▶ _What the task requires_: Take the material below and extract the lines from the one with "Шорты мужские из" through the one with "They also happily", word for word, without pictures.
[Provided data — start]
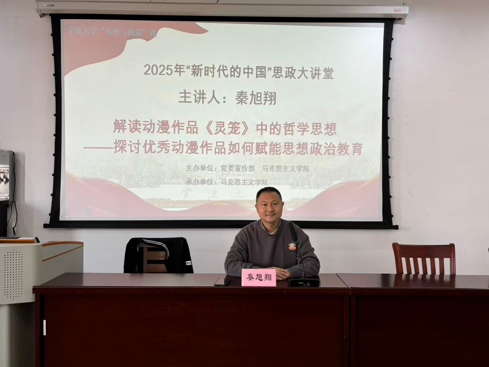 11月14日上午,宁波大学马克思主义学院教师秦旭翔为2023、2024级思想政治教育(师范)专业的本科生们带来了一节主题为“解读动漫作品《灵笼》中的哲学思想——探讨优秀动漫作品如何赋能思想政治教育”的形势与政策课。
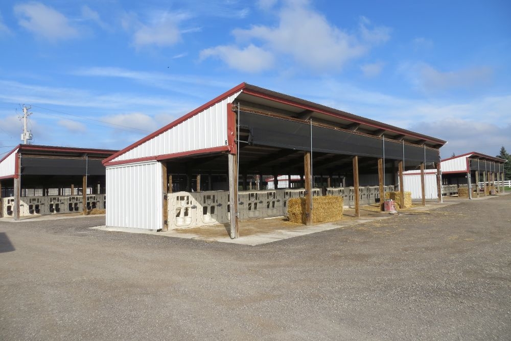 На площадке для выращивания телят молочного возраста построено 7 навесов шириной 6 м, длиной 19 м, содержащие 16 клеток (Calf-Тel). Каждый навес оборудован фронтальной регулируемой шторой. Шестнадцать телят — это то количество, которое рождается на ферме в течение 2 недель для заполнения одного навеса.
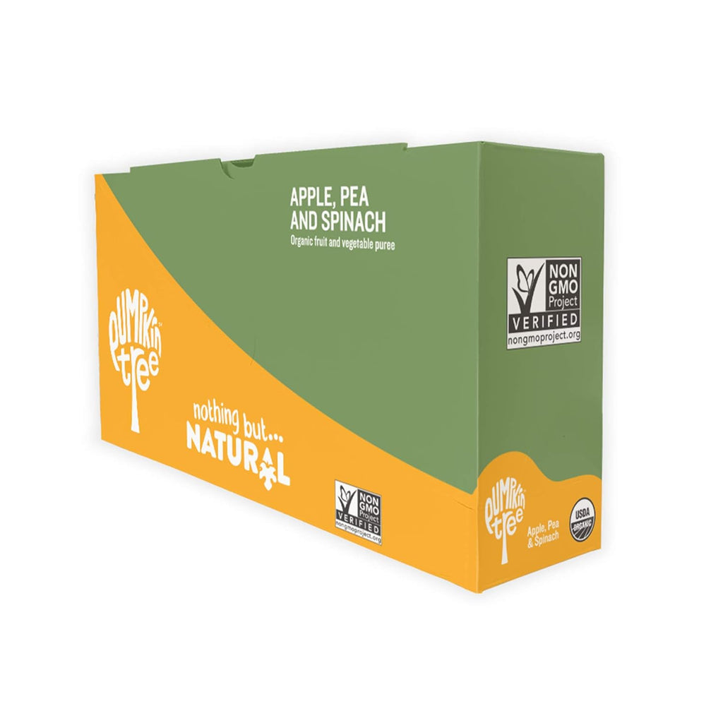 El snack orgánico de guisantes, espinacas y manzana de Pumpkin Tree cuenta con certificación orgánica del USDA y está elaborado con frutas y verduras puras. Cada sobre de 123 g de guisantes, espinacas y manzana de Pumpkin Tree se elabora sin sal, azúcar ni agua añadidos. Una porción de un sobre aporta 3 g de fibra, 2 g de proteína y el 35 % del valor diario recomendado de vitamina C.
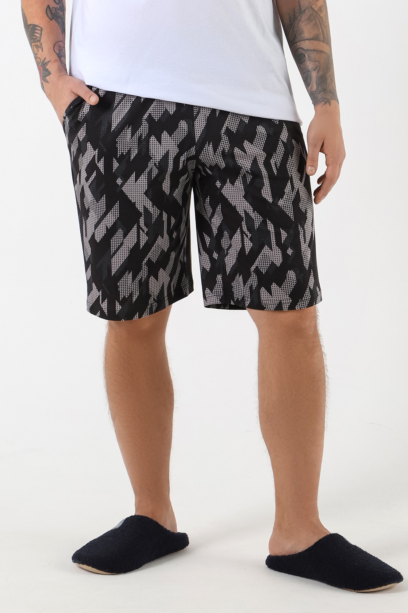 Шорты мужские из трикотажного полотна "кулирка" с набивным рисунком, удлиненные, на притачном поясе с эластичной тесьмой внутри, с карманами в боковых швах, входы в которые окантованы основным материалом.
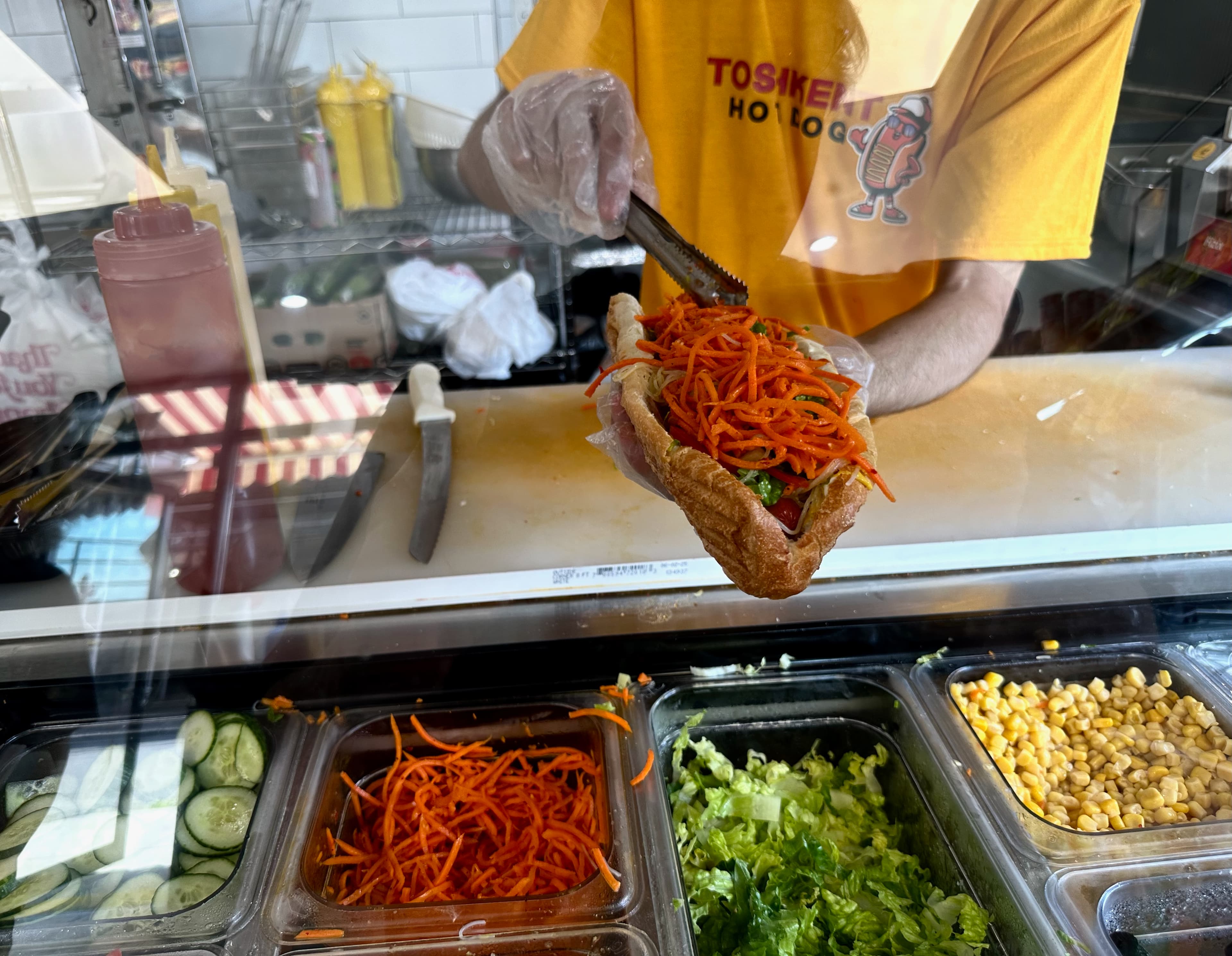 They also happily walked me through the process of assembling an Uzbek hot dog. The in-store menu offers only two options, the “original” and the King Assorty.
[Provided data — finish]
[Provided data — start]
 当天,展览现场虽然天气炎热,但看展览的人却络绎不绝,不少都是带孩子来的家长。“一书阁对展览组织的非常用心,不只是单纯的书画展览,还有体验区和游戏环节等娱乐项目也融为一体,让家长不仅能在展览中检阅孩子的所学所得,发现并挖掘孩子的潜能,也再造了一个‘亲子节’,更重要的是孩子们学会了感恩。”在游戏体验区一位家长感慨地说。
[Provided data — finish]
[Provided data — start]
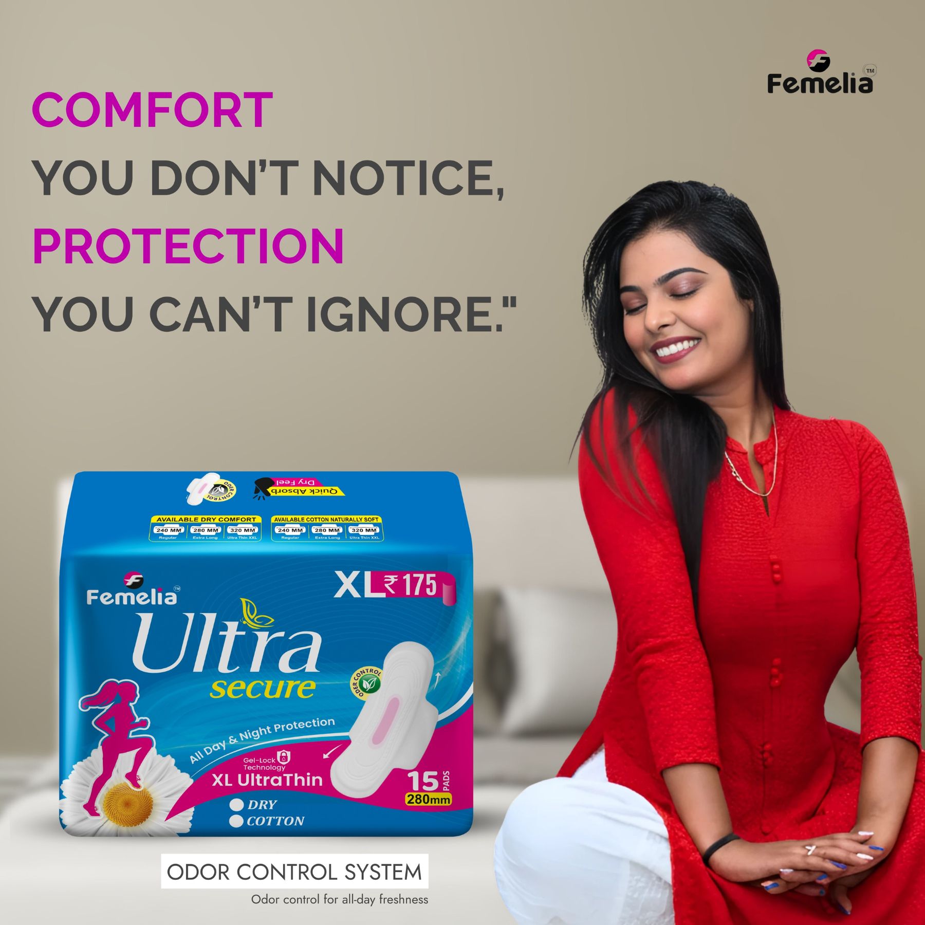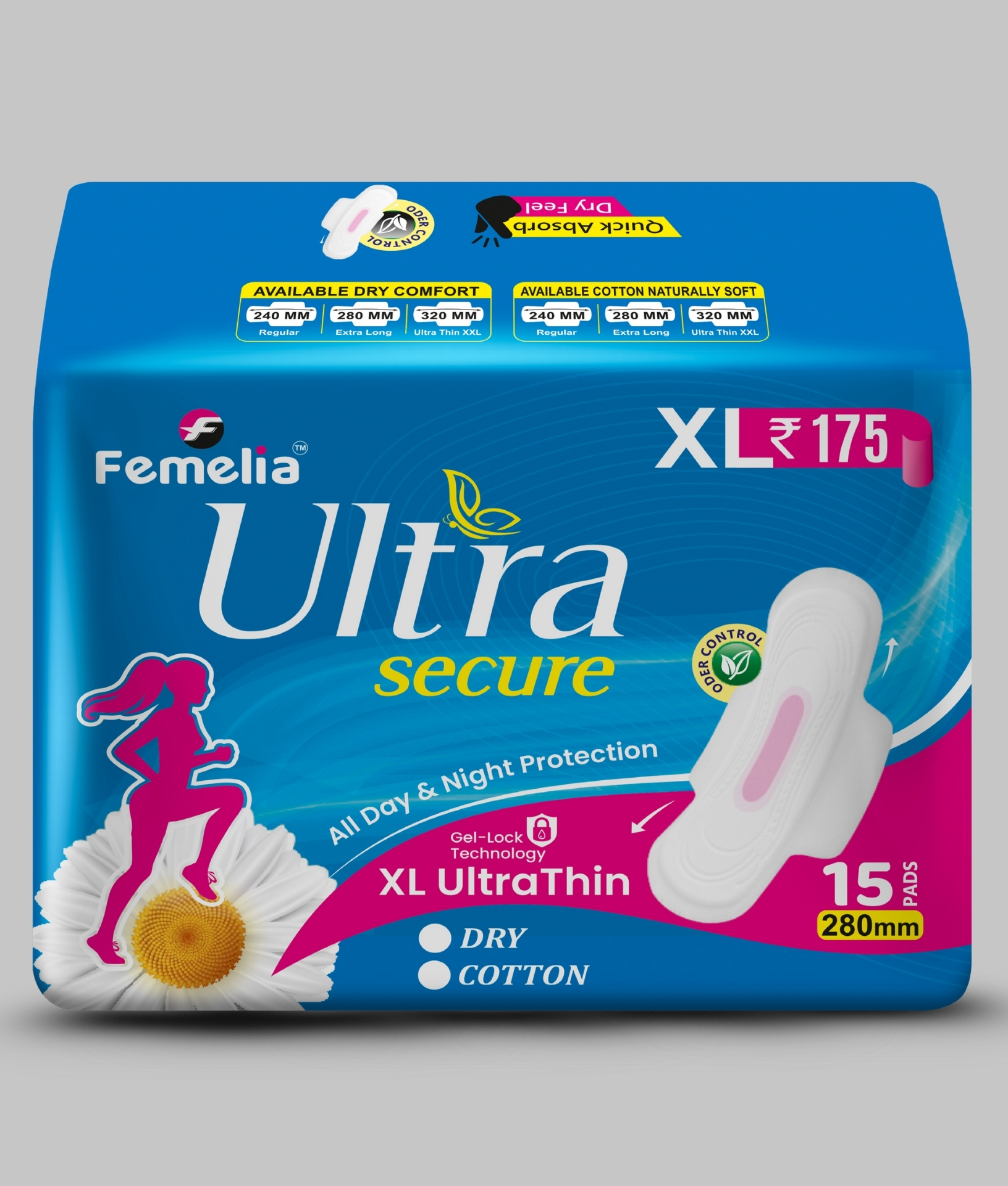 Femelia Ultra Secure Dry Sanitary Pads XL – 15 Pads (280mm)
[Provided data — finish]
▶ _Result of this task_:
 Шорты мужские из трикотажного полотна "кулирка" с набивным рисунком, удлиненные, на притачном поясе с эластичной тесьмой внутри, с карманами в боковых швах, входы в которые окантованы основным материалом.
 They also happily walked me through the process of assembling an Uzbek hot dog. The in-store menu offers only two options, the “original” and the King Assorty.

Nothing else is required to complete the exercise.